There was just a tsunami alert for northern california. Apparently, there was a large earthquake in Humboldt county, and so Crescent city was being evacuated. In the 1960’s in Crescent City, there was a Tsunami so large that one of those giant cement jacks that make up breakwaters was washed onto the highway. A bunch of people died. It was the only time that anyone in the continental US was killed by a tsunami. Nobody has every been killed by one in the San Francisco area. This is background to the insanity that is/are my friendships . . .

These scene is my living room, earlier tonight. Ellen is cooking food. I’m doing French homework. Cola and Mitch are both reading. So, right at the same time, Cola’s phone and Mitch’s phone both ring. Danica is calling Cola about a tsunami alert and Mike is simultaneously calling for the same reason.
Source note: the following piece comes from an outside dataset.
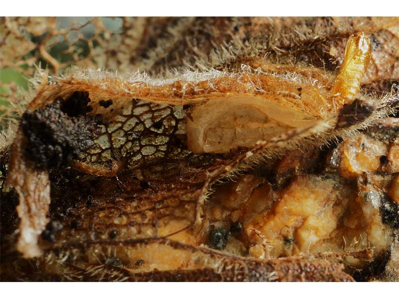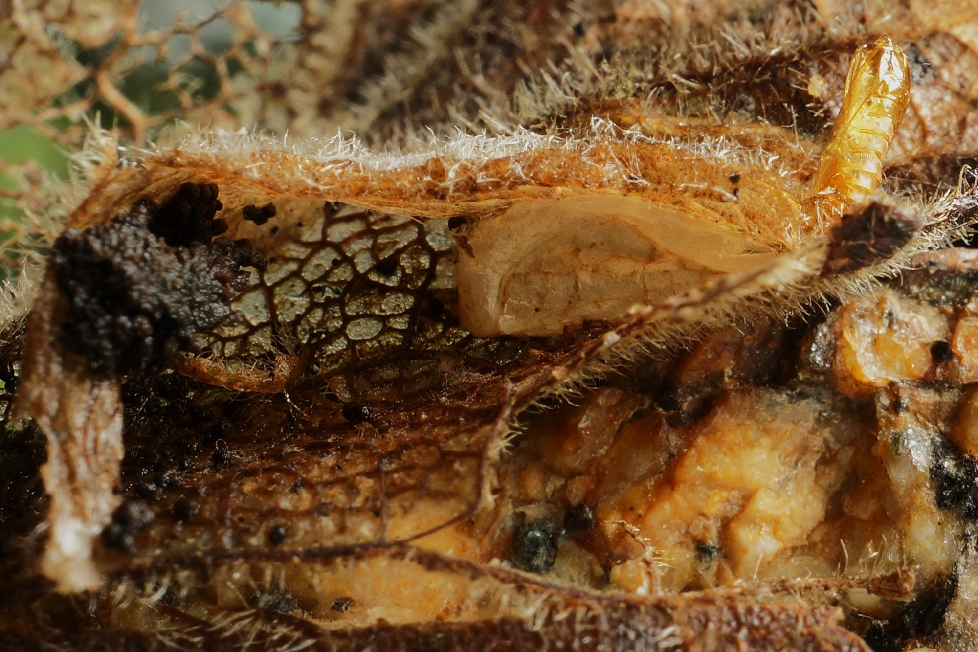 Exuvie von Phyllonorycter ulmifoliella, erhalten aus am 18. Oktober

My house is a stone’s throw from the bay. I think my elevation is approximately 3 feet. I worry sometimes about global warming making the ocean levels rise and what this means for my long-term investment. After the big tsunami in asia last year, I called my dad and asked if I should be worried about them at my house. He said no, the Golden Gate is narrow relative to the size of the bay and that would prevent most of the water from getting in.
Mitch says that this is not actually a factor and he’s heading up to Indian Rock. Indian Rock is a rock outcropping in the Berkeley Hills with an excellent view of the whole Bay Area. It would be well above any water line. So, um, panic ensues. Cola decides that we’ve got to run. Ellen grabs a cat carrier and starts stuffing my very angry cat into it. Cola grabs the dog. Somebody grabbed my tuba and all the laptops in the house and so, with me feeling extremely foolish, we jump into mitch’s car and head for the hills.
Yeah, so all around us, Berkeley life is totally unperturbed. We pass a cafe full of people. Mitch is insisting that Treasure Island is being evacuated. I’m at about the same elevation, so this is all reasonable right. MY cat is yowling her damn head off. We’re driving up hill for about ten minutes when the radio announces that the tsunami alert is officially cancelled. We turn around and head back. YOOOOOWWWWWWWL!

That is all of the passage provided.